Longtemps on a cru que les courants d'airs étaient à l'origine de leurs formes qui défient toutes les lois de l'attraction et de la gravité.
Une hypothèse autour de bactéries a été émise, il semblerait que ce sont des nanoparticules en suspension dans l'eau de gouttes minuscules qui en éclatant au sol permettent le dépôt du CaCO3, calcite ou carbonate de calcium en de telles structures étonnantes : les excentriques.
Avant de rejoindre la vire au dessus du puits, nous allons voir une salle dite Hop !
En légère ascendance vers la droite.
La « Salle Hop ! », on retrouve le m^me humour toponymique que chez les grimpeurs de Presles.
Des formes alimentaires genre « bugnes »et de belles draperies aux transparences vaporeuses, des voiles sanguins, des drapés de nacres, chutes soyeuses pigmentées à l'oxyde de fer, un « Grand Œuvre », une alchimie naturelle construite molécules après particules sur des milliers d'années.
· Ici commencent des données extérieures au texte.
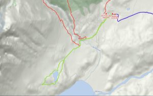 Dann gilt es, wieder auf den Hauptweg zu gelangen. Erstmal hoch zu einem Geröllfeld. Dort irren wir ein bißchen herum, bis wir den Pfad wiederfinden.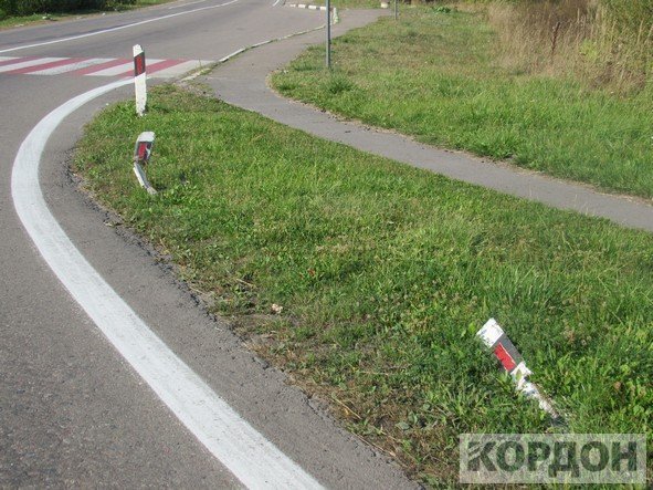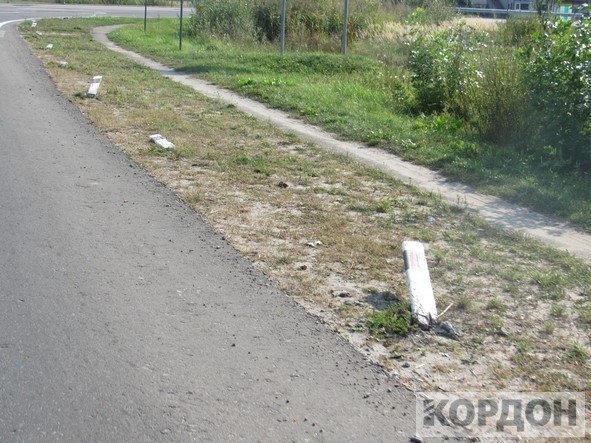 Дорожні знаки при в’їзді в Любомль погнули, а стовпчики, які показують межі проїжджої частини та напрямок руху вночі, абсолютно всі “полягли” рядком по обидві сторони шосе, - інформує КОРДОН.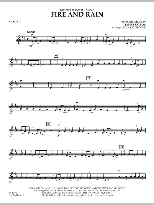 A classic song from one of popular music's most revered artists is now available for string groups with this superb arrangement by Larry Moore. James Taylor's Fire and Rain has become a trademark of his simple, enduring style that communicates so well with its listener.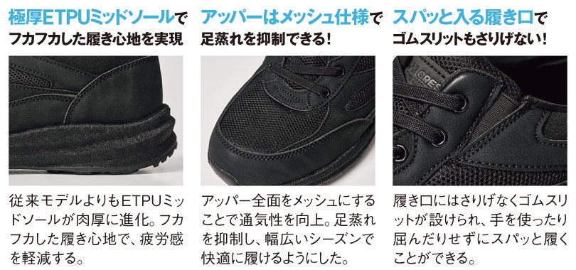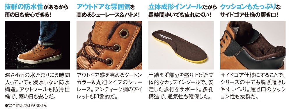 手を使わずに、立ったままスパッと履ける「スパットシューズ」は、発売当初から幅広い世代にご好評いただいております。今回誌面で紹介しているのは2タイプ。スペックもビジュアルもアウトドアな雰囲気を醸し出すミドル丈ブーツCC-60863は、くるぶしまで覆うミドル丈でありながら、スパッと履ける独自構造を実現しました。よりカジュアルに使いやすいローカットモデルCC-60862も展開します。また、メッシュタウンカジュアルCC-60770には、オールブラック、カーキ、ブラウンの3色が新登場。ソールのスペックもバージョンアップ、さらにアッパー全体のメッシュ素材など、快適さも充実し、オンにもオフにも活躍してくれます。

C'est un des points le plus haut du circuit +64 m.
Remontée quelque peu physique à la poignée sur la corde fixe pour sortir du puits.
Notre guide propose de revenir par le « Labyrinthe », je m'engage en premier, je n'aurais pas du, ensuite c'est du gruyère et il n'est plus possible de se doubler je me retrouve en plein paradoxe, celui de l’Emmental, en effet le Gruyère n'a pas de trous.
« Plus y a d’Emmental plus y a de trous,
Plus y a de trous moins y a d’Emmental,
Donc plus y a d’Emmental moins y a d’Emmental .»
Bref, je ne vous décrirais pas dans le détail, les rampés, les jurons, les doutes et les angoisses métaphysiques dans ce dédale dont le Minotaure était en moi-même.
De loin en loin si on peu tordre le cou, une flèche, une trace de lampe à carbure se dessine en haut , en bas sur le côté, devant, derrière à qui sait observer de sang-froid le boyau dont , villosités, lames, ne proposent que les reflets dubitatifs de ma propre incertitude.
Nous finissons par atteindre la corde fixe dans la salle de la Persévérance en ayant shunté l'échelle de la salle de la Colonne.
Reste pour le retour la fissure étroite en dévers, qui semble facile en revenant après les contorsions maïeuticiennes du Labyrinthe.
Gorgones et chimères, circonvolutions minérales et encéphaliques trompeuses, méduses médisantes, Sphinx trompeurs à la question ambiguë, Krakens pétrifiés tout droit sortis d'un roman de Jules Verne, je suis Axel Lidenbrock dans le Snaefellsjökull.
Passage sous la cascade pour se retrouver encore dans le noir en haut de l'immense hall de l'entrée.
Notre guide nous fait remarquer les odeurs de ce printemps naissant qui envahissent nos sens restreints à la portion congrue de l'ouïe, la vue et le toucher.
Humus, vases, bourgeons et pollens sur la note des trilles d'oiseaux quelques temps oubliés pour une symphonie du vivant.